La doctora salía de una guardia en el hospital, harta de historias de nuestro tiempo, cuyo último caso había consistido en atender a un joven con un bulto en el cuello en el quirófano. Una perla que apenas podría volver algún día a casa, con apenas dieciocho años. La abuela de setenta años lo había entendido, desempolvando recuerdos para hacerle más llevadero a la hija el trance, recuerdos que nadie quería que viesen la luz, pero necesarios.
Elisa no tenía esas lealtades inquebrantables, sí otras, como los amores imposibles y las traiciones imperdonables.
Se duchó, repasó la depilación, miró con extrañeza alguna de sus partes, comió algo y procedió a quedar con un hombre más mayor, delgado, de cabello escaso y blanco, elegantemente vestido. Así los pedía la mamá de origen español, que una vez fue soldado.
Haciendo tiempo, ella posó con mezquina satisfacción echando mano de lo que había en ese edificio de apartamentitos. Otras, con gafas de empollona y nariz respingona, o la que dibujaba una cruz en la frente con miel y rezaba una oración para que todo le saliera bien.
Los invitados y su efusividad, sobre todo en esas fechas, confundían más que ayudaban. Pero se necesitaban.
Dos horas más tarde ¡cuán diferente les era todo! Como las abejas siempre regresaban a su colmena, mandaban comer fruta a los hijos y les ponían los relojes en hora a los mariditos, pues todos los barcos necesitaban un capitán, los pequeños y los grandes.
Cual galería de seres desordenados la guerra había empezado. Otro papel. Sólo me alegro porque tú no vas a participar en ella, pensó la doctora, deslizando los pies hacia su interior, estremeciéndose.
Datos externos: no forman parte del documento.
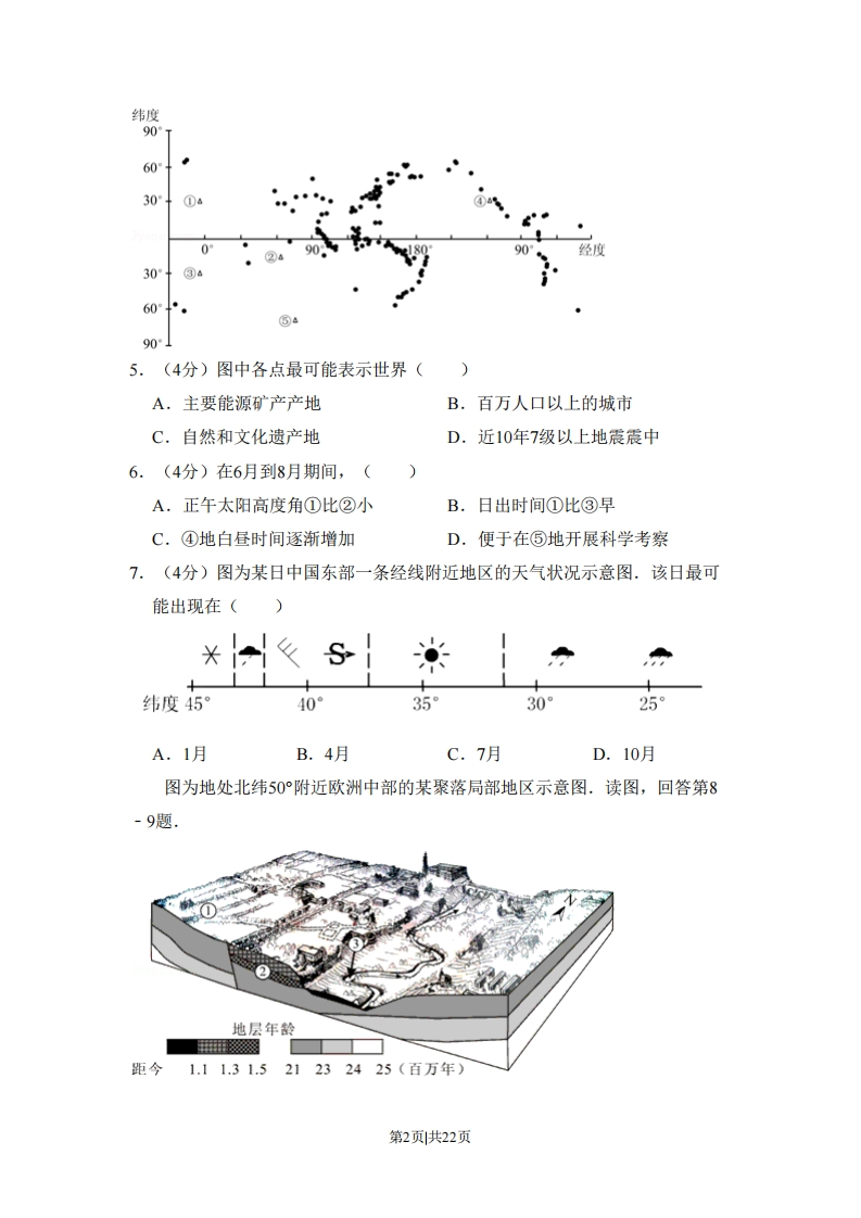 2011年北京市高考地理试卷一、本部分共8小题,每小题4分,共44分.在每小题列出的四个选项中,选出最符合题目要求的一项。1.(4分)图是海南省著名旅游景观“南天一柱”照片.该景观()A.形成受海水侵蚀的影响B.表现出石灰岩沉积特点C.反映热带自然景观特征D.在冬季观赏的效果最佳2.(4分)图为某年中国发生地质地貌灾害次数最多的6个省级行政区.该年发生地质地貌灾害次数最多的山地可能是()灾害数量(次)云贵陕青冀A.横断山和秦岭B.太行山和雪峰山C.大巴山和巫山D.祁连山和唐古拉山3.(4分)在图所示的山区自然灾害链中,①②③④依次是()暴雨堰塞湖3A.滑坡、泥石流、地震、崩塌B.泥石流、地震、崩塌、滑坡C,地震、崩塌、滑坡、泥石流D,崩塌、滑坡、泥石流、地震4.(4分)平均海拔由高到低的省区依次是()A.湘、辽、宁B.台、鲁、苏C.青、粤、晋D.桂、甘、豫读图,回答第5、6题。第1页共22页纬度90°T60°30①8030°+③60°,⑤490°15.(4分)图中各点最可能表示世界()A.主要能源矿产产地B.百万人口以上的城市C.自然和文化遗产地D.近10年7级以上地震震中6.(4分)在6月到8月期间,(A.正午太阳高度角①比②小B.日出时间①比③早C.④地白昼时间逐渐增加D.便于在⑤地开展科学考察7.(4分)图为某日中国东部一条经线附近地区的天气状况示意图.该日最可能出现在(纬度4540353025°A.1月B.4月C.7月D.10月图为地处北纬50°附近欧洲中部的某聚落局部地区示意图.读图,回答第8-9题.地层年龄8☐距今1.11.31.521232425(百万年)第2页共22页

Y sin dejar de escuchar la grandiosidad de los primeros días, un indistinguible rescoldo asomó su hocico. Cenizas rojas quería su cariño, peor que un instrumento adulto.
Centelleante, ella le convino uno caricia, de esas inmensas por preciada, corta y sentida. ¿Cómo llegó a querer a aquella máquina de escribir teniéndote a ti?, le preguntó al perro.
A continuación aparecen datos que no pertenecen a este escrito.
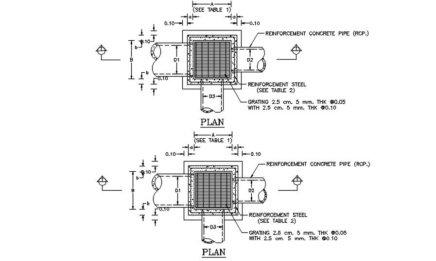 Reinforcement concrete pipe and reinforcement steel plan section details are given in this AutoCAD DWG drawing. Sectional details are clearly given in this drawing file. Grating, dimension details are available in this DWG file. Download the AutoCAD 2D DWG file. Thank you so much for downloading the DWG file from the cadbull website.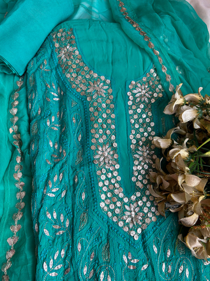 - “Samandar” Teal Green Lucknowi Chikankari Gota Patti Salwar Kameez Dress Material

Sus zapatos parecían estúpidos, viviendo en un oscuro mundo al otro lado del cuarto. Ni el hijo de tres años se los puso para caminar ruidosamente. Ya iba teniendo edad de ir sabiendo cosas, pero no. La camiseta raída fue incapaz de pensar, hablar y recordarlo por sí sola. Anquilosada a sus pies, ella terminó de decírselo todo, habiendo desobedecido su propio mandato: vamos a tomar el aire, nos vendrá bien. Todo inexplicable y, a la vez, comprensible; odioso; y, a la vez anhelado. Cenizas rojas en sí mismo era un susurro hecho eco; todo un consuelo vivo. Y el peque.